Mit architektonischen Kniffen DDR-Bürokratie umgangen
Dank ihres Notsicherungsprogramms stellt die Deutsche Stiftung Denkmalschutz (DSD) 20.000 Euro für die Instandsetzung und Sanierung der Fensteranlage an der Westseite der St. Josef/St. Lukas-Kirche im Katharinenviertel in Neubrandenburg bereit. Die katholische Pfarrkirche St. Josef / St. Lukas wurde von 1977 bis 1980 nach Plänen der Architekten Dietrich Otto und Erhard Russow durch das Bauunternehmen von Ulrich Müther vom VEB Spezialbetonbau Binz als zweischiffiges Hyparschalen-Gebäude errichtet. Die beiden von Müther entworfenen Hyparschalendächer überspannen auf besonders filigrane und elegante Art den Kirchenbau und die angeschlossenen Gemeinderäume bei einer Stärke von nur sieben Zentimetern.
Der Kirchenbau ist gemeinsam mit der Messehalle in Rostock ein Hauptwerk des international anerkannten Pioniers der Betonschalenbauweise.

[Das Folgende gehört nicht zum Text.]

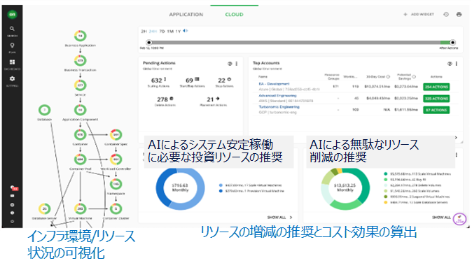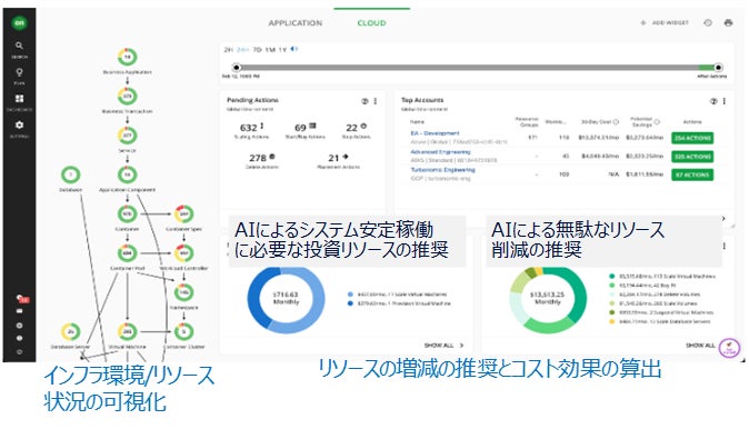 NECは、NEC自身をゼロ番目の利用者(クライアント)として最先端のテクノロジーを実践する「クライアントゼロ」を推進して製品を自ら活用し、そこで得た、いい面や苦労した点などの体験を交えてお客様に提供しています。今回活用するIBM Turbonomicはクラウド・コンテナ・仮想サーバーのCPU/メモリー/ストレージ/DBサイズなどをフルスタックに把握することができます。その使用状況から無駄なリソースの削減や不足しているリソースへの投資などの推奨アクションを提示します。これによりリソース上で稼働しているアプリケーションのパフォ−マンスなどの性能劣化を防止することに加え、最も適したリソース環境を簡単に維持することもできるようになります。今般、NECの社内IT環境に当製品を適用する実証実験にて、最大33%を超えるクラウドリソースを削減見込であることを実証しました。この成果に基づき、2023年10月から社内ITの本番環境に当製品を順次導入することを決定しました。
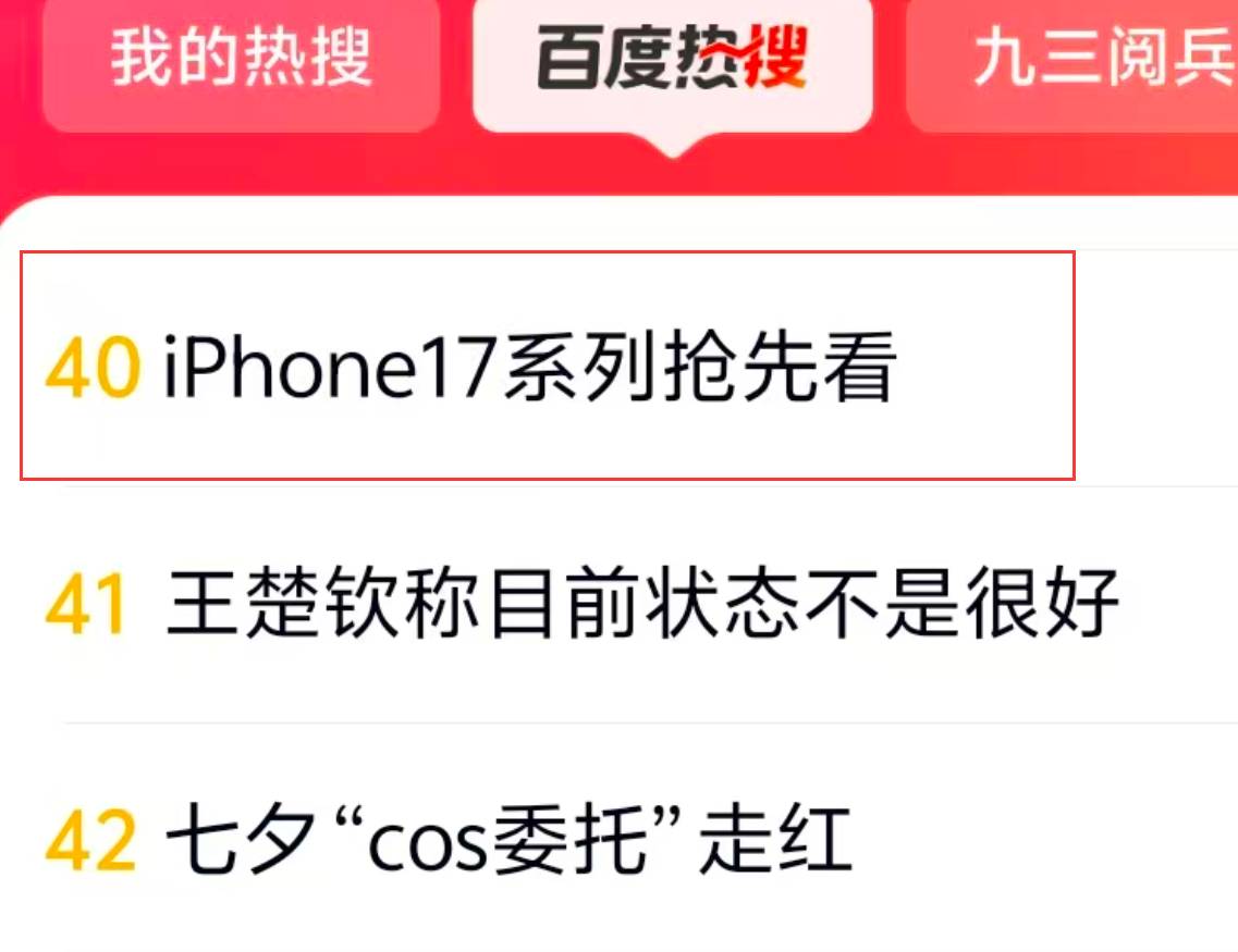 家電消費網8月29日訊 今天,“iPhone17系列搶先看”沖上百度熱搜。
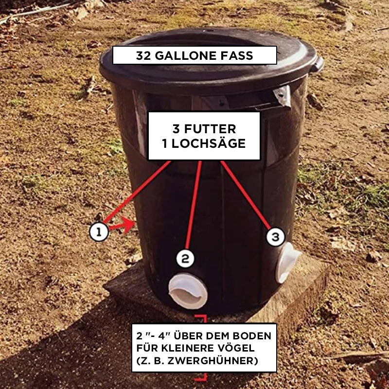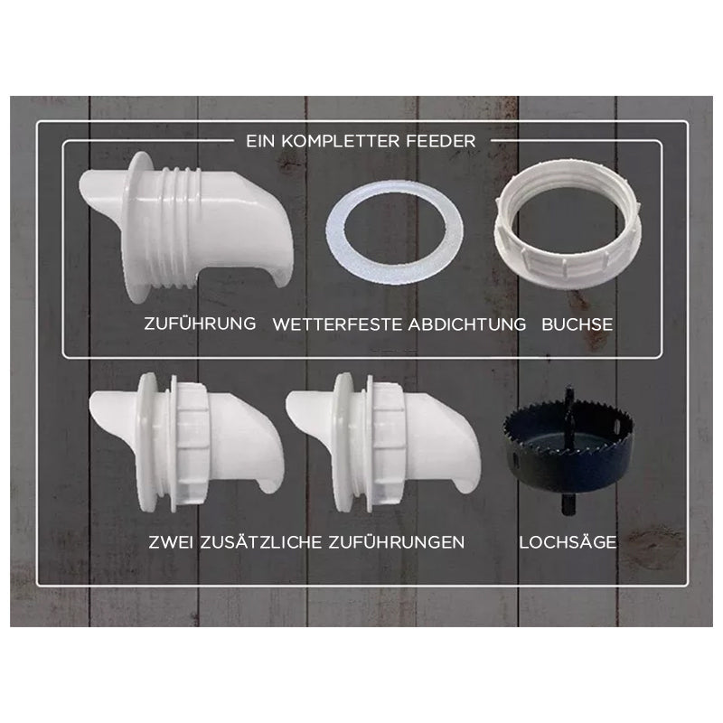 Einfach zu installieren, mit einer 80-mm-Lochsäge ausgestattet, stellen Sie in einer Minute einen Hühnerfutterspender für den Außenbereich her.

Die Hyparschalen liegen auf zwei Pfeilern auf und werden durch Zugbänder gesichert. Die Dacheindeckung in Form eines Foliendämmdaches auf beiden Hyparschalen stammt aus der Bauzeit und hat mit über 40 Jahren die normalerweise für derartige Dächer prognostizierte Standzeit weit überschritten. Daher wird in diesem Jahr auch die Dachhaut saniert. Die Kunststoffbahn ist versprödet und verhärtet und muss entfernt und ersetzt werden, während die Dämmung bleiben soll. Die Kupferabdeckung am Rand muss nach dem Aufnehmen wohl ebenfalls ersetzt werden. Eine Betonsanierung am Gesimsband wird geprüft.
Müther prägte wie kaum ein anderer die Nachkriegsmoderne der DDR. Ihm ist es zu danken, dass diese ein eigenständiges Gesicht erhielt, das seinen Ort in der Architekturgeschichte behauptet. Interessant ist die anstehende Maßnahme auch im Zusammenhang mit der Betonsanierung an Nachkriegsbauten. Im Übrigen kommen in Neubrandenburg architektonische Kniffe hinzu, mit denen die strengen Vorgaben der DDR-Bürokratie für den Kirchenbau umgangen wurden.
Das moderne Denkmal gehört zu den über 580 Objekten, die die DSD dank Spenden, der Erträge ihrer Treuhandstiftungen sowie der Mittel der GlücksSpirale, der Rentenlotterie von Lotto, allein in Mecklenburg-Vorpommern fördern konnte.